After serving as a Captain in the United States Marine Corps, Dr. Gray received a PhD, and was a finance professor at Drexel University. Dr. Gray's interest in entrepreneurship and behavioral finance led him to found Alpha Architect, an asset management firm that delivers affordable active exposures for tax-sensitive investors. Dr. Gray has published four books and multiple academic articles. Wes is a regular contributor to the Wall Street Journal, Forbes, and the CFA Institute. Dr. Gray earned an MBA and a PhD in finance from the University of Chicago and graduated magna cum laude with a BS from The Wharton School of the University of Pennsylvania.

John (Jack) R. Vogel, PhD

Dr. Vogel conducts research in empirical asset pricing and behavioral finance, and has published two books and multiple academic articles. His academic background includes experience as an instructor and research assistant at Drexel University in both the Finance and Mathematics departments, as well as a Finance instructor at Villanova University. Dr. Vogel is currently a Managing Member of Alpha Architect, an SEC-Registered Investment Advisor, where he serves as the Chief Financial Officer and Co-Chief Investment Officer. He has a PhD in Finance and a MS in Mathematics from Drexel University, and graduated summa cum laude with a BS in Mathematics and Education from the University of Scranton.

Part One

Understanding Momentum

This book is organized into two parts. Part One sets out the rationale for using momentum as a systematic stock selection tool. In Chapter 1, “Less Religion; More Reason,” we provide a discussion of the two dominant investment religions: fundamental and technical. We propose that evidence-based investors consider both approaches.
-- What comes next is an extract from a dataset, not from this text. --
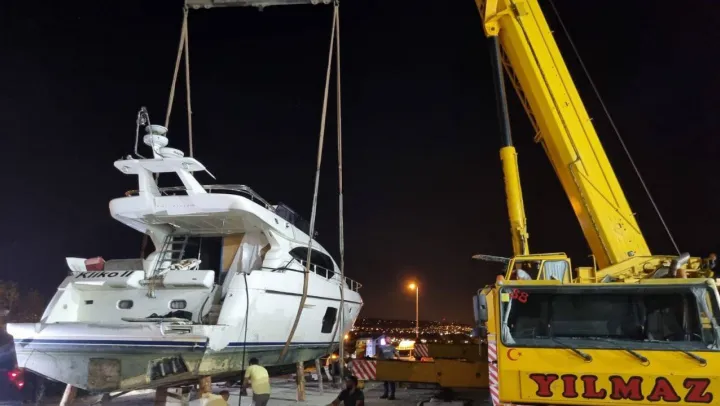200 tonluk özel vinç yardımıyla Deniz Grup Marina'nın bahçesine getirilen yatın bakımı yaklaşık 6 ay sürecek.

Next, in Chapter 2, “Why Can Active Investment Strategies Work?” we outline our sustainable active investing framework, which helps us identify why a strategy will work over the long haul (i.e., the “edge”). In Chapter 3, “Momentum Investing is Not Growth Investing,” we propose that momentum investing, like value investing, is arguably a sustainable anomaly. Finally, we end Part One with Chapter 4, “Why All Value Investors Need Momentum,” a discussion of the evidence related to momentum investing, which suggests that most investors should at least consider momentum investing when constructing their diversified investment portfolio.